Don’t count on Mr. Biden to change. If he was unwilling to impose conditions on Israeli conduct at the outset, when it mattered most, he is unlikely to risk a breach with Israel, a popular cause in American politics, as next year’s presidential election nears. But he should — because the alternative is worse.
In the days after October 7th, Mr. Biden had the opportunity to shape Israel’s response by publicly defining what kind of actions the United States would, and would not, support. While expressing solidarity with Israel and revulsion at Hamas, he might have withheld assistance for a military campaign until Israel formulated a plan that the White House deemed effective and just and that treated Palestinian civilians acceptably. Instead, Mr. Biden announced, “We’re with Israel,” pledging to provide for its defense “today, tomorrow and always.” Even as he privately pressed Israeli leaders to think twice about a ground invasion, he publicly requested $14.3 billion in emergency military aid, no strings attached.
There was no need to be so cavalier. A carrot-and-stick approach could have either improved Israel’s actions or distanced the United States from a costly failure. Yet the administration seemed to barely try; it preferred to commit itself first and then find out for what. Now the United States finds itself following Israel’s lead in a brutal war “of undetermined length, at undetermined cost, with undetermined consequences,” as Barack Obama, then a senator, described the invasion of Iraq before it began. U.S. officials are increasingly signaling their displeasure at Israeli military operations in Gaza and mounting settler violence in the West Bank, but they will have little leverage to make Israel change course unless they specify an “or else.”
Mr. Biden has been no better in identifying a long-term solution. Sidestepping the obvious reality that the Israeli occupation of Palestinian land lies at the core of the conflict, Mr. Biden has mainly described Palestinians either as evil terrorists or as innocent civilians deserving of humanitarian protection. But Palestinians most importantly are political agents who seek self-determination and refuse to be ignored. Mr. Biden’s deflective, ideological language — “Terrorists will not win. Freedom will win.” — ignores that Palestinian terrorism and Israeli occupation are reinforcing injustices, both of which stand in the way of peace.
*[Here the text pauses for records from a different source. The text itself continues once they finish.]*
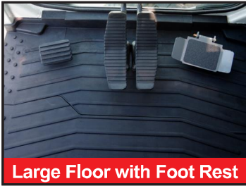
Large Floor with Foot Rest
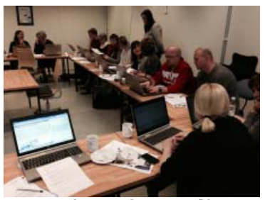
21 teachers from Aalborg Handelsskole in Northern Jutland participating in a TOOLS Lifelong Learning

All the project teams have been very busy running the TOOLS courses for the last twelve months of the project period. In Denmark SDE has been running courses for teachers in Southern Denmark (39 participants), in Nørre Sundby (21 primary and secondary school participants who also learned about Clil4U), and in Aalborg (16 participants)
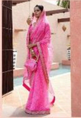
D. No. 3287 B
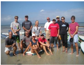
CCWA volunteers and Worldwinds staff after another successful DWD at Bird Island Basin
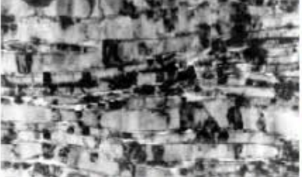
A transmission electron microscope photograph shows a cross section magnification of the DACROMET® film. (Magnification 80,000)
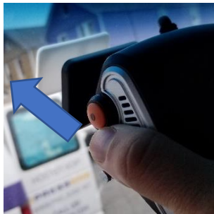
Mount the Recorder to the VHB tape
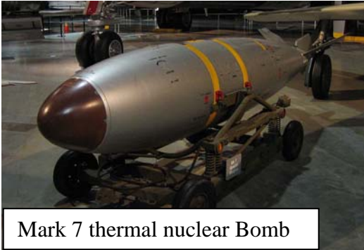
Mark 7 thermal nuclear Bomb

Then the 20 th was trained on bombing tactics using thermal nuclear bombs AND surviving . The nuclear bomb had to be redesigned so that it could be attached to a fighter. "Little Boy", the atomic bomb dropped on Hiroshima, was carried in a B-29 Bomber,
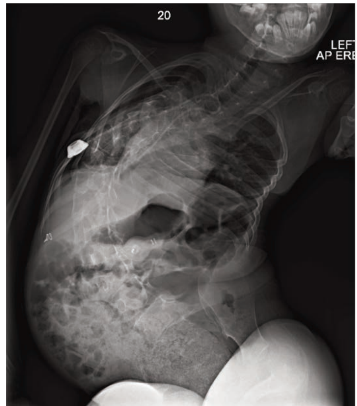
Figure 2: Complications including significant scoliosis complicated positioning for peripheral treatment

Venous access was required to facilitate prophylactic therapy with PCC; a central venous access device
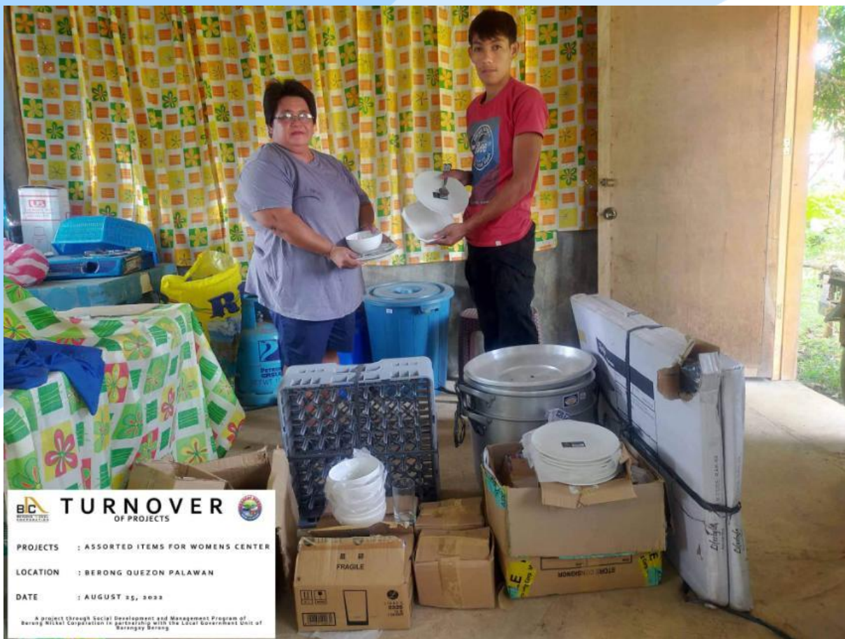
Provision of assorted rental materials as part of Women's Organization livelihood project

Perhaps Mr. Biden’s bear hug will give him political cover to reinvigorate the pursuit of a two-state solution, last attempted by U.S. diplomats in the Obama administration. Mr. Biden recently said “there’s no going back” to the prewar status quo. Secretary of State Antony Blinken has called for the Palestinian Authority, which administers parts of the West Bank, to govern Gaza after Israeli forces withdraw. That assumes Israel would sooner pull out than pay the price the Palestinian Authority would demand: serious progress toward a Palestinian state. To have any odds of success, the United States will have to threaten to reduce military assistance and political support and act accordingly. Otherwise, Israel will conclude that U.S. talk is just that.
Don’t count on Mr. Biden to change. If he was unwilling to impose conditions on Israeli conduct at the outset, when it mattered most, he is unlikely to risk a breach with Israel, a popular cause in American politics, as next year’s presidential election nears. But he should — because the alternative is worse.